Notes on using llamafile with CUDA offloading on NixOS 23.11

On this machine, it is not faster than running via CPU.

2024-01-10

Disclaimer: These are not supposed to be good instructions. There's definitely a proper way to do it, but llamafile is in the category of software that's intended to run everywhere (i.e. packages its own runtime and doesn't play nice with NixOS assumptions). There are few NixOS+CUDA success stories on the Internet, so this is provided as a reference.

tl;dr

  1. set at least the following in the nix config:
    {
        hardware.opengl.enable = true;
        hardware.opengl.driSupport = true;
        services.xserver.videoDrivers = [ "nvidia" ];
        hardware.nvidia.package = config.boot.kernelPackages.nvidiaPackages.production;
    };
    
  2. nix shell --impure nixpkgs#gcc11 nixpkgs#cudaPackages.cudatoolkit nixpkgs#cudaPackages.cuda_cudart.static
  3. LD_LIBRARY_PATH=/run/opengl-driver/lib NVCC_APPEND_FLAGS="-L$(nix eval --impure --raw 'nixpkgs#cudaPackages.cuda_cudart.static')/lib" ./llamafile-0.6 -m ./models/mistral-7b-instruct-v0.2.Q4_K_M.gguf -ngl 10

findings

On an aging Dell laptop[1], GPU offloading was actually slower than using CPU-based inference, no matter how many layers were offloaded! We suspect that the memory bandwidth between the GPU and CPU is the bottleneck, since the entire model (mistral-7b-instruct-v0.2.Q4_K_M.gguf) can be held in RAM rather than VRAM.

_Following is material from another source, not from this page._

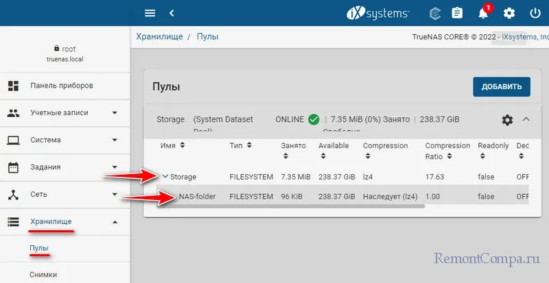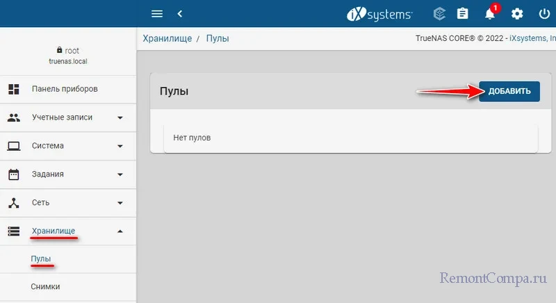 Переходим в раздел «Пулы», это путь «Хранилище → Пулы». Жмём «Добавить».
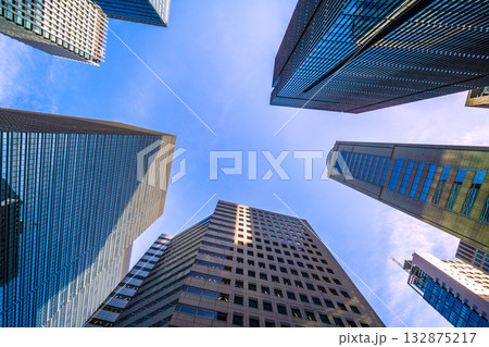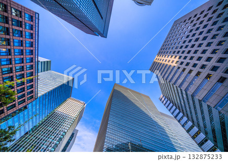 日本の東京都市景観 大手町のオフィス街やビルに反射する太陽光などを望む。新時代に希望の光

At least for this hardware, it seems that running on the integrated GPU only is the way to go.

how we got here (critical path)

references and other resources


  1. CPU: Xeon E3-1505M; RAM: 32GB ECC; GPU: Quadro M620 Mobile ↩︎

  2. cudaPackages.cuda_nvcc also exists, but it wasn't as simple as using the the nvcc included in cudatoolkit, which seems to know about its own headers for compilation. This way, we don't need to add any -I arguments. ↩︎

  3. The "correct" way to do this could be to repackage the llamafile binary with a built-in ggml-rocm.so or ggml-cuda.so that's built using nixpkgs libraries, but this defeats the purpose of llamafile, whose job is to run one binary on all platforms. ↩︎